Problem
You are playing a card game, where each card has an integer number written on it.
To play the game, you are given some cards — your hand. Then you arrange the cards in your hand into straights. A straight is a set of cards with consecutive values; e.g. the three cards {3, 4, 5}, or the single card {7}. You then receive a number of dollars equal to the length of the shortest straight. If you have no cards, you can form no straights, so you get zero dollars.

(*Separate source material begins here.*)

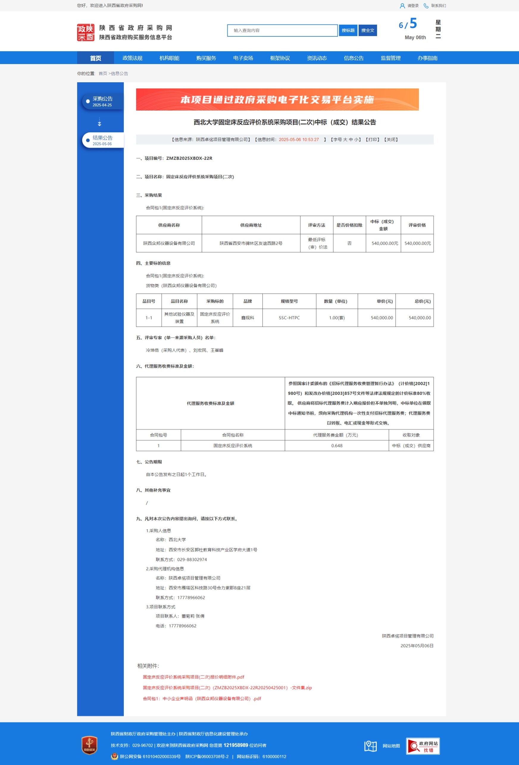 球速体育·(中国)官方网站QIUSU SPORTS固定床反应评价系统采购项目(二次)中标(成交)结果公告 作者: 编辑:采购与招标办公室 时间:2025-05-06 原公告链接:https://www.ccgp-shaanxi.gov.cn/freecms/site/shaanxi/ggxx/info/2025/8a69c0a2967206000196a355be75555d.html?noticeType=001023¬iceId=2cacf8fa-2a27-11f0-8063-08c0eb20c666

You will be given a series of test cases, each of which describes the cards you will have in your hand. Find the maximum number of dollars you can receive for each test case.
Input
The first line of the input contains the number of test cases, T.
Each test case consists of one line. Each line contains N, the number of cards in your hand, followed by N integers giving the numbers on those cards. These numbers are all space-separated.
Output
For each test case, output one line containing "Case #x: y", where x is the case number (starting from 1) and y is the maximum number of dollars you can receive.
Limits
1 ≤ T ≤ 100
The numbers on the cards are between 1 and 10000.
Memory limit: 1GB.
Small dataset (Test set 1 - Visible; 4 Points)
0 ≤ N ≤ 10
Time limit: 30 4 seconds.
Large dataset (Test set 2 - Hidden; 12 Points)
0 ≤ N ≤ 1000
Time limit: 60 8 seconds.
Sample
4 10 1 2 3 4 5 10 9 8 7 6 8 101 102 103 104 105 106 103 104 0 5 1 2 3 4 9
Case #1: 10 Case #2: 4 Case #3: 0 Case #4: 1
In case 1, you have ten cards numbered 1 to 10, so you make one straight of length 10, and get 10 dollars.
In case 2, you could make two straights {101,102,103,104,105,106} and {103,104} and get 2 dollars. But it would be better to make {101,102,103,104} and {103,104,105,106} and get 4 dollars.
In case 4, the card with the number 9 must be in a straight containing only that card. So you get 1 dollar.
In case 3, you have zero cards, so you get zero dollars. You don't get money for nothing.